Assigned task:
From the data below, return only the lines from the one with "1 этаж: прихож" through the one with "图2. 柔性等离子激元生物传感器相对于传统刚性检测体系在人体健康监测中的优势。", exact and inclusive, with pictures left out.
===== Information
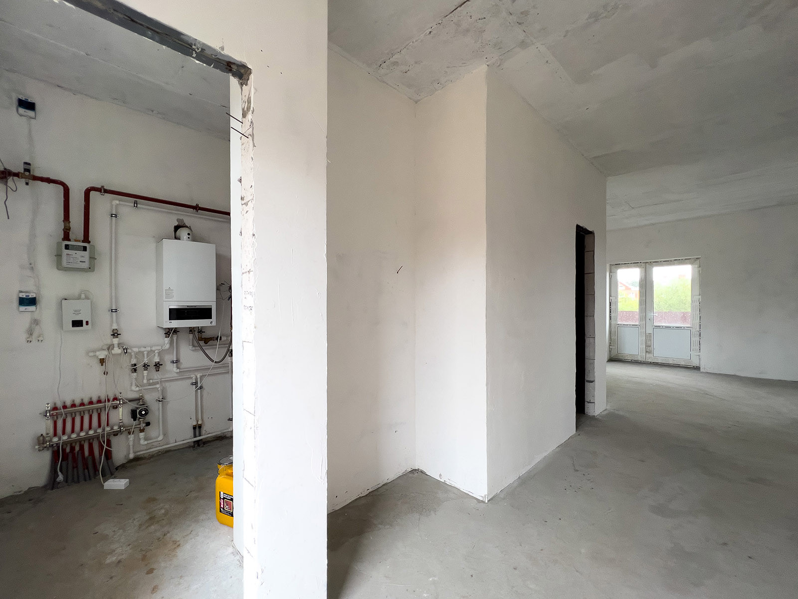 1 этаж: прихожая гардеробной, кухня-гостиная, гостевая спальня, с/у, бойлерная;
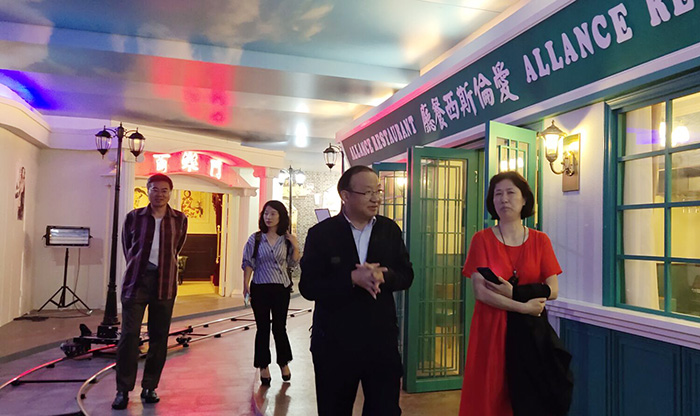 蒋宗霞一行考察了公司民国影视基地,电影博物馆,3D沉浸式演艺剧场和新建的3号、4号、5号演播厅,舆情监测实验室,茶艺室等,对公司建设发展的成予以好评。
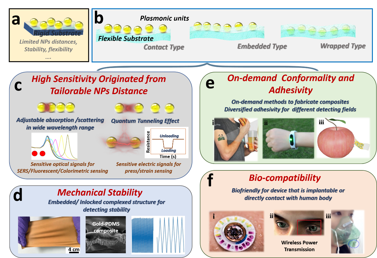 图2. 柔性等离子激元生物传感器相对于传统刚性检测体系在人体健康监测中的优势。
==========
===== Information
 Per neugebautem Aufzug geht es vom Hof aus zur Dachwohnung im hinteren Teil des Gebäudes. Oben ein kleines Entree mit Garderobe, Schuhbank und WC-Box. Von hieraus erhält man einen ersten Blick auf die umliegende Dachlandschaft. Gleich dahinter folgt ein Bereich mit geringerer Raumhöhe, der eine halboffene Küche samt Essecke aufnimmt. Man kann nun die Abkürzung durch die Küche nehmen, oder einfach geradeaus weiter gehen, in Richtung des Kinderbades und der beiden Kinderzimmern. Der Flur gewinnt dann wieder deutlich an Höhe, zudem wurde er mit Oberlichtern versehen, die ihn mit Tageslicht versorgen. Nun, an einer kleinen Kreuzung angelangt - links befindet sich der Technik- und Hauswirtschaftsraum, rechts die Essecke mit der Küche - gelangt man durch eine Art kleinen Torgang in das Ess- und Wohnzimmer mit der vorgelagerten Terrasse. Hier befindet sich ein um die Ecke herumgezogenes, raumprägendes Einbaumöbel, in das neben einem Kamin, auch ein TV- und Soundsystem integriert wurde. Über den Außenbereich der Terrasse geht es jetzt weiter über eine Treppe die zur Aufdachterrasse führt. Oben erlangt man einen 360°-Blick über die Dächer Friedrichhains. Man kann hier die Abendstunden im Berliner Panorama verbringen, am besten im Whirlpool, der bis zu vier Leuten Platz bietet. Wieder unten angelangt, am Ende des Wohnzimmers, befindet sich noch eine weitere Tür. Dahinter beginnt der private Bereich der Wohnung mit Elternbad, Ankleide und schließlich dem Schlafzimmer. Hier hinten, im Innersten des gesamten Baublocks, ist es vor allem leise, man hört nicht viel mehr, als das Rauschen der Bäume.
==========
===== Information
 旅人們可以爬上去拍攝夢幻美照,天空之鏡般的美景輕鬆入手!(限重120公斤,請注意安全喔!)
==========
Completed exercise:
 1 этаж: прихожая гардеробной, кухня-гостиная, гостевая спальня, с/у, бойлерная;
 蒋宗霞一行考察了公司民国影视基地,电影博物馆,3D沉浸式演艺剧场和新建的3号、4号、5号演播厅,舆情监测实验室,茶艺室等,对公司建设发展的成予以好评。
 图2. 柔性等离子激元生物传感器相对于传统刚性检测体系在人体健康监测中的优势。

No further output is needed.